A Variation-Aware Preferential Design Approach for Memory-Based Reconfigurable Computing

Static random access memory arrays designed in sub-90-nm technologies are highly vulnerable to process variation-induced read/write/access failures. In memory-based reconfigurable computing frameworks, which use large high-density memory array, such failures lead to incorrect execution of mapped applications. It causes loss in quality of service (QoS) for digital signal processing (DSP) applications. In this paper, we analyze the effect of parameter variations on QoS in a memory-based reconfigurable computing framework. Next, we propose a preferential design approach at both application mapping and circuit level, which can significantly improve QoS and yield under large parameter variations.
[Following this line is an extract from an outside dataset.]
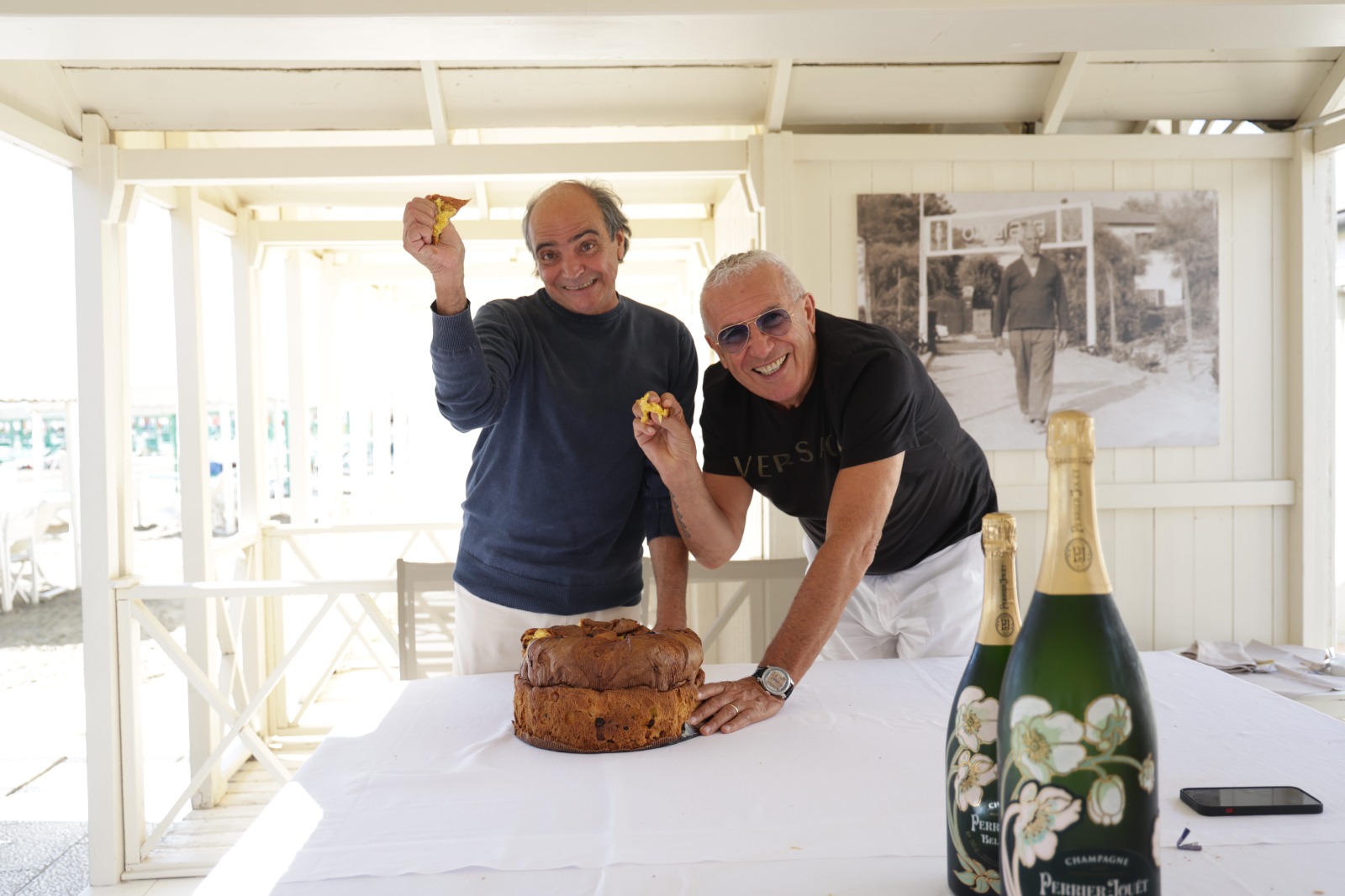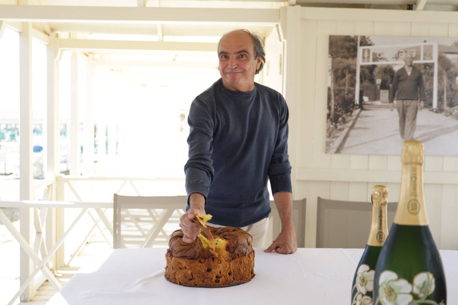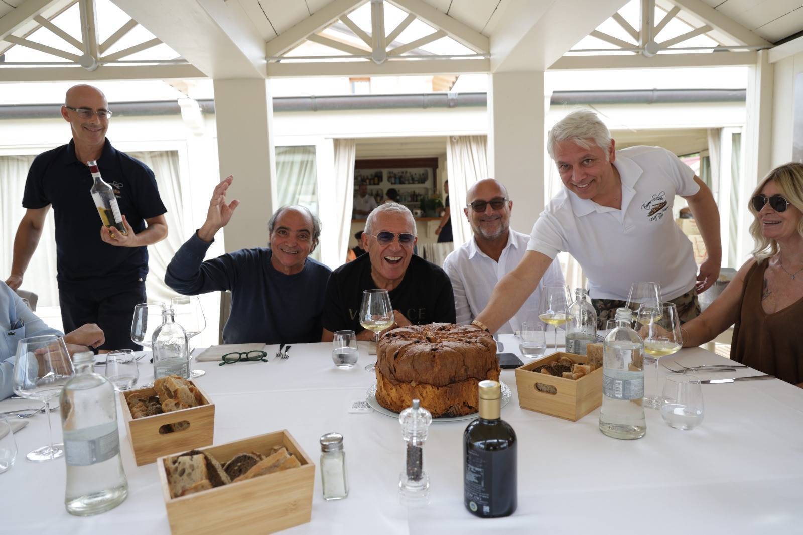 Ma c'è di più. Paolini, prima dell'assaggio finale, richiamando a sé gli astanti distratti da un pranzo straordinario quanto semplice messo in tavola dalla cucina del Bagno Silvio di Luca e Gianluca Dazzi la cui famiglia lo gestisce da 100 anni, ha chiesto perentoriamente di mettere da parte forchette e coltelli e pulirsi le mani, magari con i cubetti di ghiaccio e non con le salviette profumate: Il panettone si mangia con le mani. Anzi, per l'esattezza si strappa con le mani e, così dicendo, ha afferrato, letteralmente, un pezzo del panettone monstre seguito dagli altri commensali, inizialmente un po' titubanti, ma, poi, via via sempre più convinti.

The proposed application mapping process considers the reliability map of a memory array and maps the important components with respect to QoS to more reliable memory blocks under performance constraint. At circuit level, we exploit the read-dominant memory access pattern to skew the memory cells for better read stability leading to improved QoS. Such a architecture/circuit codesign approach can also tolerate increased failure rate at low operating voltage, thus facilitating low-power operation. The effect of the approach is studied for two common DSP applications, namely discrete cosine transform and finite-impulse response (FIR) filter. The simulation results for FIR application show 45% improvement in power at iso-QoS and 47% in yield for a target peak signal to noise ratio at 45-nm technology.